This is important to make the employee feel they can contribute to the company at their 100%, and are not limited by a “I did not know that” or “I did not have this meeting”.
When onboarding employees, integrate them in the company with the following steps:
- Forward recurring meetings but with clear expectations, that is, tell the new hire explicitly you are not expecting them to start taking on work until they are ready. However, you want them in the meeting so that if they feel they can add something, they can do that immediately.
- Define an onboarding buddy, once again having a go-to person for all queries is crucial
- Talk about goals and how you measure success, have continuous manager-employee talks about what success should look like
Develop a Sense of Belonging When Onboarding Employees
Finally, and this continues along the lines of integration, you should consider the sense of belonging when onboarding employees. You want them to feel valued, you want them to feel they are in the right place, and that the team and company is welcoming them.

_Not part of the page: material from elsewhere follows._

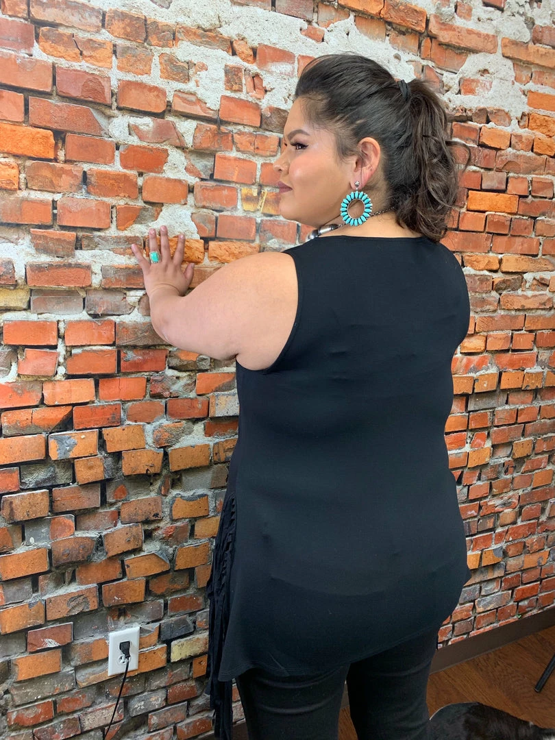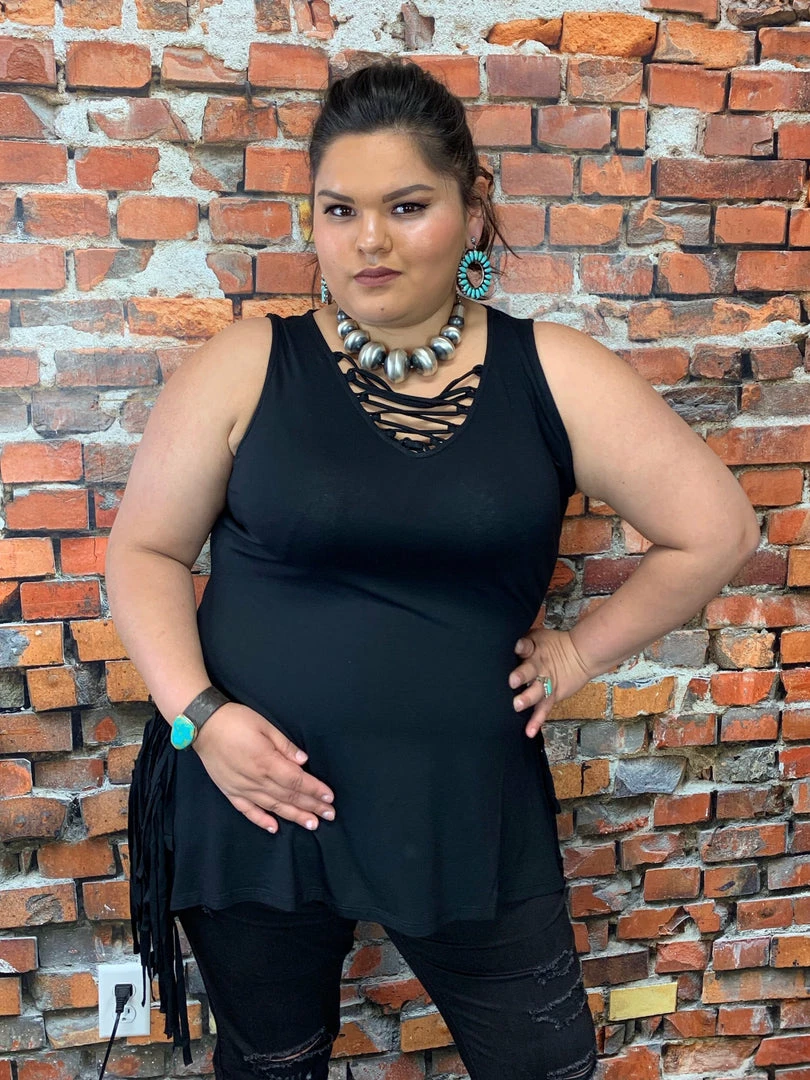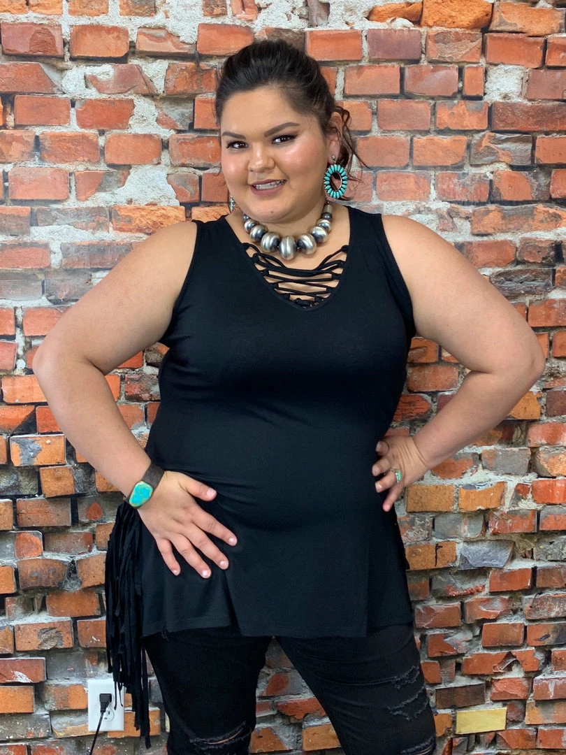 If you are in need of a sassy and edgy tank for the summer, look no further! Detailed with a lace up neckline and fringe side seam. Pair with your favorite leather jacket to complete the look.Β

This goes beyond just work, and it is not a part of employee onboarding that you can take care of with company policies and procedures. Quite the opposite, it is something that grows organically from how the team behaves. You want to have a team that have a welcoming culture, and thus spend time explaining to them about diversity and inclusion, how to fight bias, how to respect other people’s point of view, how to disagree politely, and so on.
Additionally, you want to create opportunities for people to bond outside simple work. Create some offsites, and they do not have to be expensive, a quick dinner can do, or even a walk in the park, but do make them. Those are particularly effective when the team is under pressure, and they can act as a stress-relief valve. When people feel they are sharing a struggle, they tend to bond closer together.
Building Your Employee Onboarding Plan
Building an employee onboarding plan means you create a path, you define the steps that will lead to productivity, integration, and belonging. Such a plan is normally a document with a set of milestones and things to do. Here is my advice on what to include in it.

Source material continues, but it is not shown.